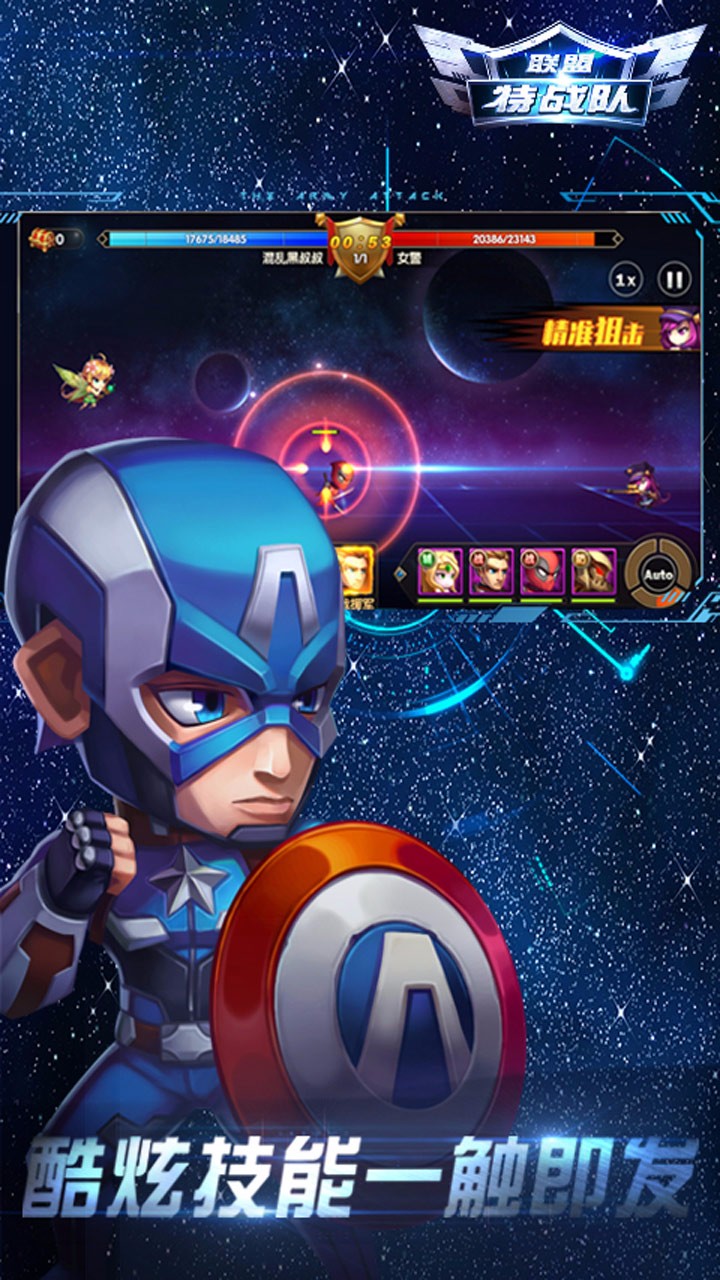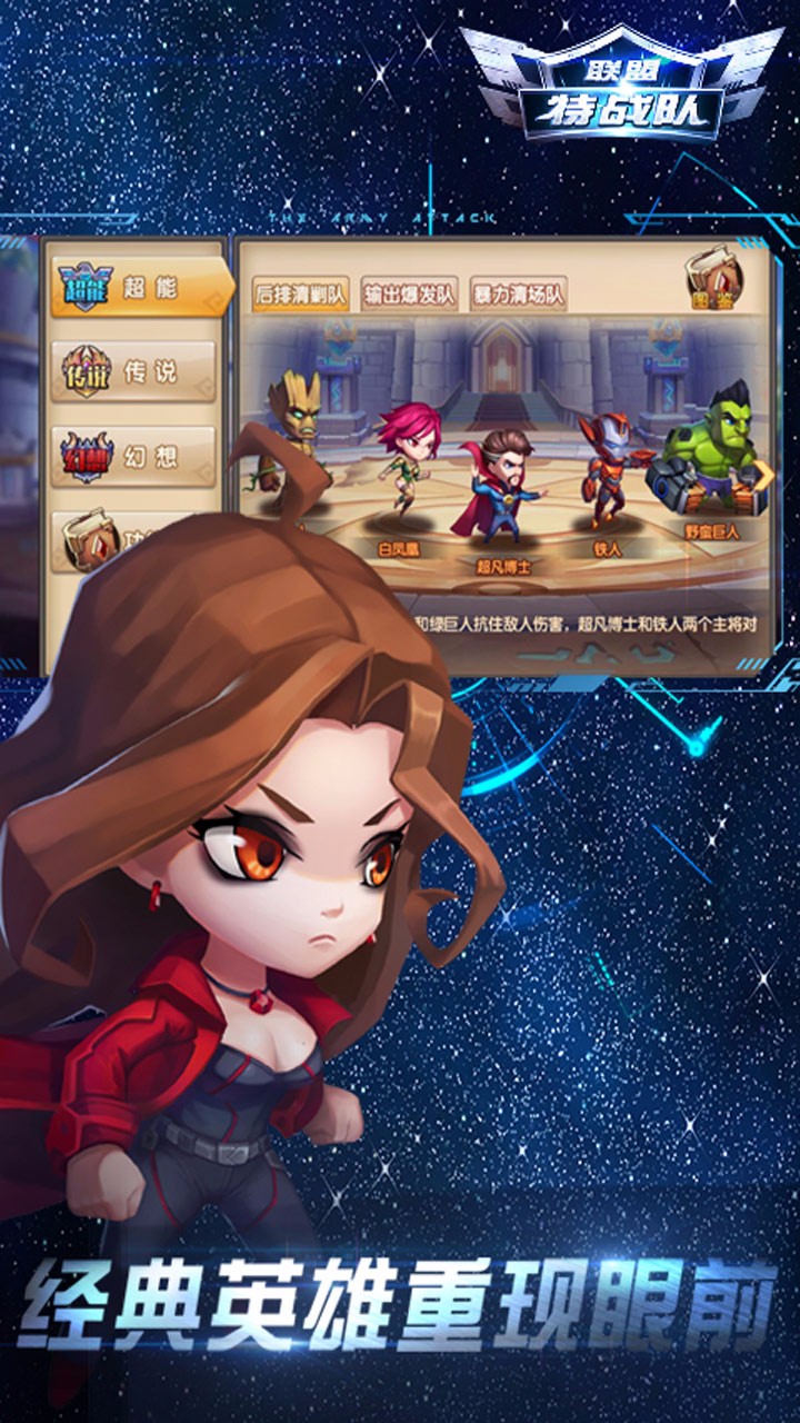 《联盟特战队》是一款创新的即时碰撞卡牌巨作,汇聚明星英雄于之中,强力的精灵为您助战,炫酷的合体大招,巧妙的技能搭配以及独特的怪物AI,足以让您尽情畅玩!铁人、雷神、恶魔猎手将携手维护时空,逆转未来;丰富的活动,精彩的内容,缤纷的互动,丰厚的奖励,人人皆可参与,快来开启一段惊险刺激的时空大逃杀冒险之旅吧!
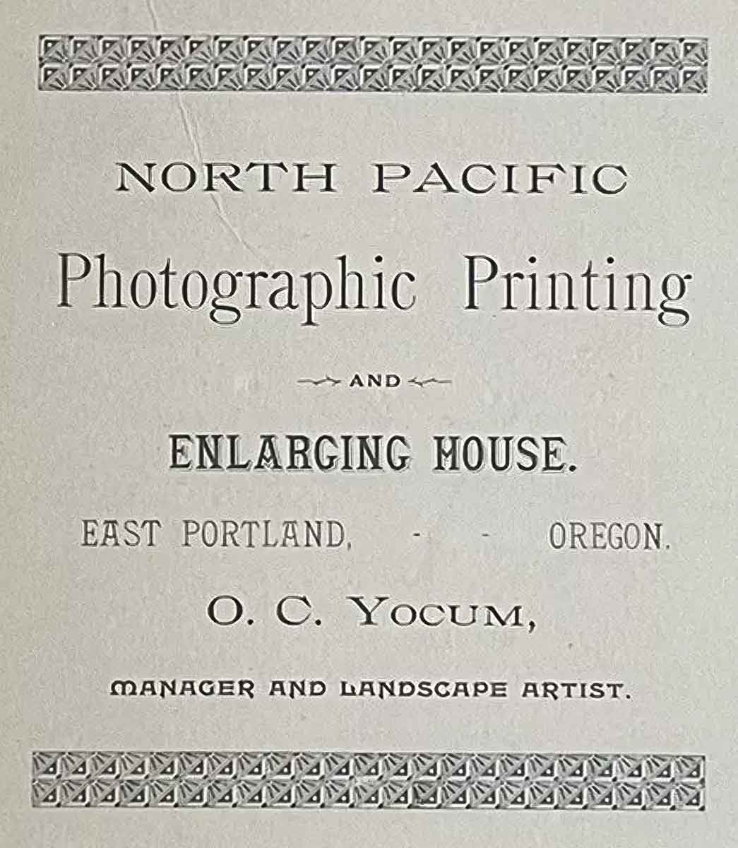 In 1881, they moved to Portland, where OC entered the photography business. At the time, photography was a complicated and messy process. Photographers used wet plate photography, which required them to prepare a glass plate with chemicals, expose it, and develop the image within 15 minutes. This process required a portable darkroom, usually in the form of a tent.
★ ★ ★ ★ ★
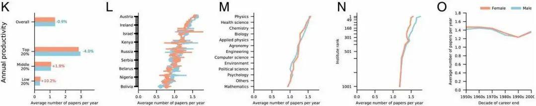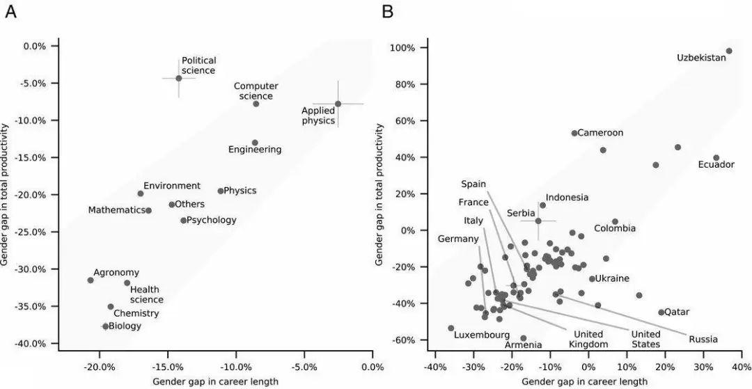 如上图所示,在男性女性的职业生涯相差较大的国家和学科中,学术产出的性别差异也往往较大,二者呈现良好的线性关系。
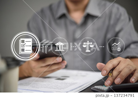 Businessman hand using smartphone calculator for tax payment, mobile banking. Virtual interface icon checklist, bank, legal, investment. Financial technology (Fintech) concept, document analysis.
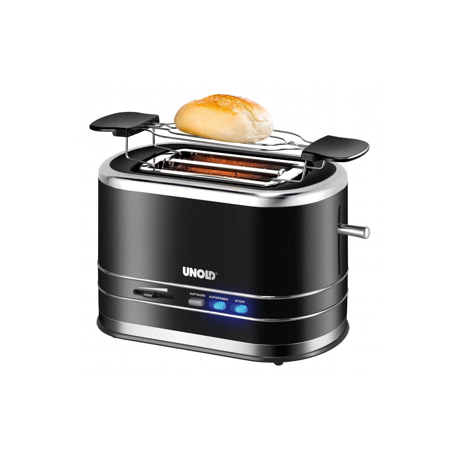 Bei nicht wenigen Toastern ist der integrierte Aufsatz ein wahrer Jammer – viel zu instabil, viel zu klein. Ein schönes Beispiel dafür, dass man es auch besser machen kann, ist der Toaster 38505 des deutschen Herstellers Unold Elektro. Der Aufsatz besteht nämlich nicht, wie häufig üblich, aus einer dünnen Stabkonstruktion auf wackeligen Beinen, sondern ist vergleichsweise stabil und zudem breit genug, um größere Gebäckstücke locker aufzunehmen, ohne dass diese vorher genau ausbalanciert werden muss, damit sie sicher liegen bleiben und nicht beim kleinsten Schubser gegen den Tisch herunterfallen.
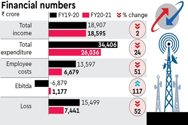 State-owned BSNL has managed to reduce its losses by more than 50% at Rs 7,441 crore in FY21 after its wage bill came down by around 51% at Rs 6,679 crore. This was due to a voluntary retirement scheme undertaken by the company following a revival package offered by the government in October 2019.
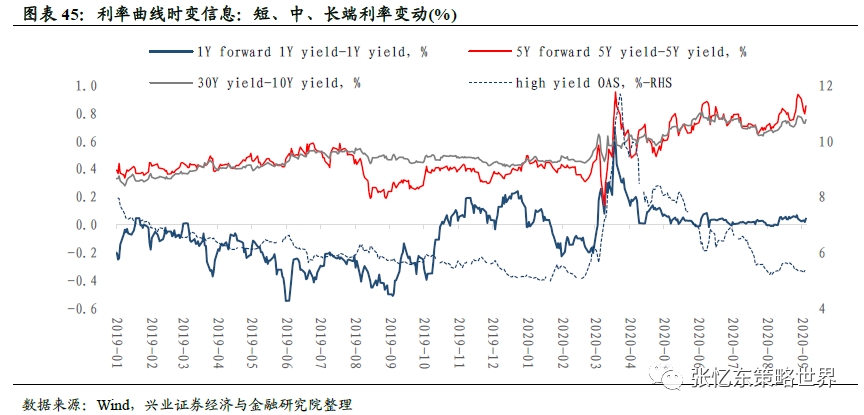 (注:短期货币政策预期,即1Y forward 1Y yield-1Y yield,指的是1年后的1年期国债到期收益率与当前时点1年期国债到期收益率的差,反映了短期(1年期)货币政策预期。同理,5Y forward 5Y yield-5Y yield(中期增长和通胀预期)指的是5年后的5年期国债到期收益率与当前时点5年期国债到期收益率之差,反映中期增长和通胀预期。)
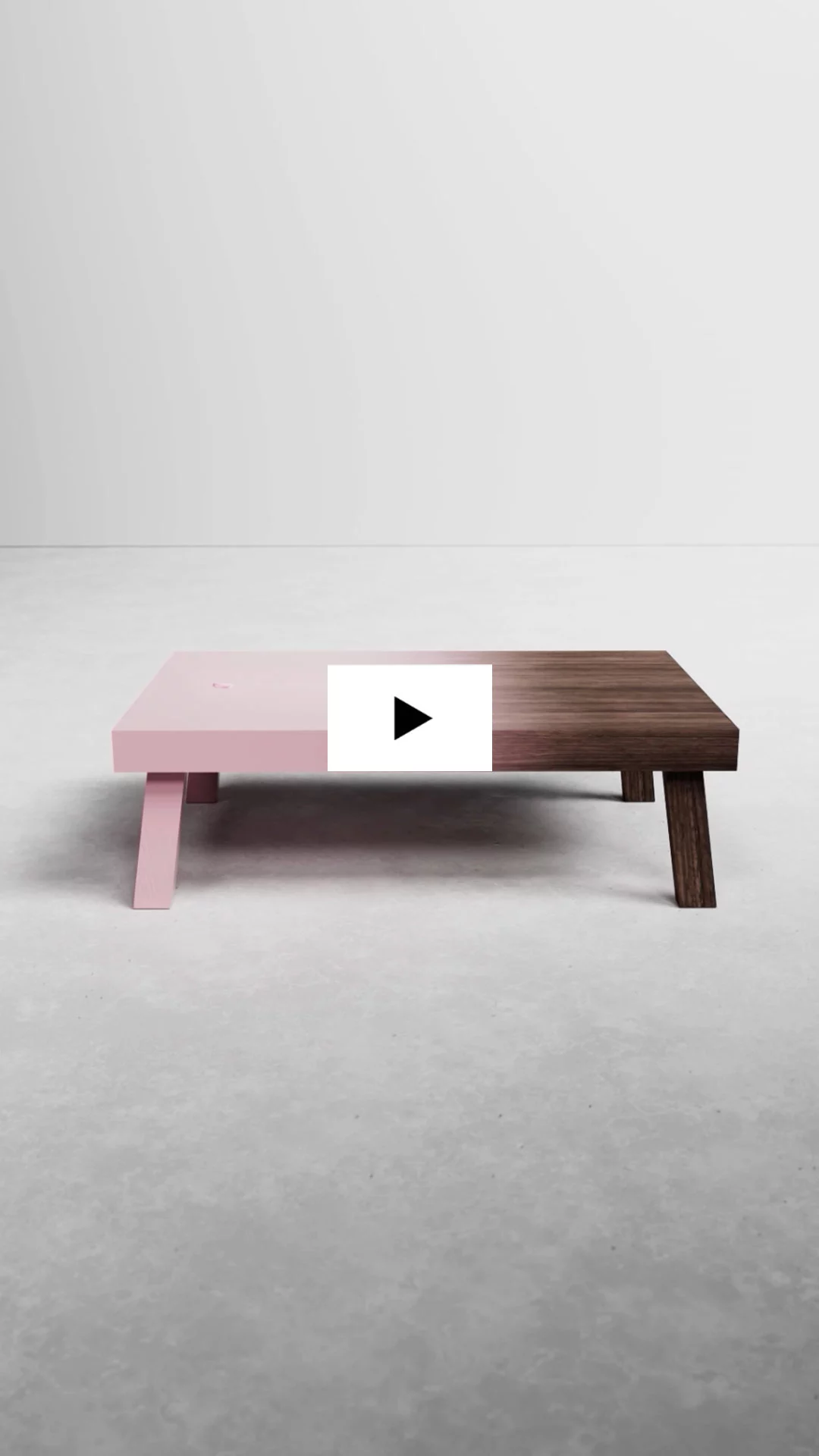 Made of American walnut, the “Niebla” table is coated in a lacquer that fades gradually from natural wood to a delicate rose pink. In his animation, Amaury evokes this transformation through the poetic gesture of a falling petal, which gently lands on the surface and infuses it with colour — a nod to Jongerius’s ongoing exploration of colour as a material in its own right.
★ ★ ★ ★ ★
◆ Task to complete ◆
From the records above, transcribe exactly the lines starting at the one containing "State-owned BSNL has" and ending at the one containing "Made of American". Skip the pictures.

◆ Result ◆
 State-owned BSNL has managed to reduce its losses by more than 50% at Rs 7,441 crore in FY21 after its wage bill came down by around 51% at Rs 6,679 crore. This was due to a voluntary retirement scheme undertaken by the company following a revival package offered by the government in October 2019.
 (注:短期货币政策预期,即1Y forward 1Y yield-1Y yield,指的是1年后的1年期国债到期收益率与当前时点1年期国债到期收益率的差,反映了短期(1年期)货币政策预期。同理,5Y forward 5Y yield-5Y yield(中期增长和通胀预期)指的是5年后的5年期国债到期收益率与当前时点5年期国债到期收益率之差,反映中期增长和通胀预期。)
 Made of American walnut, the “Niebla” table is coated in a lacquer that fades gradually from natural wood to a delicate rose pink. In his animation, Amaury evokes this transformation through the poetic gesture of a falling petal, which gently lands on the surface and infuses it with colour — a nod to Jongerius’s ongoing exploration of colour as a material in its own right.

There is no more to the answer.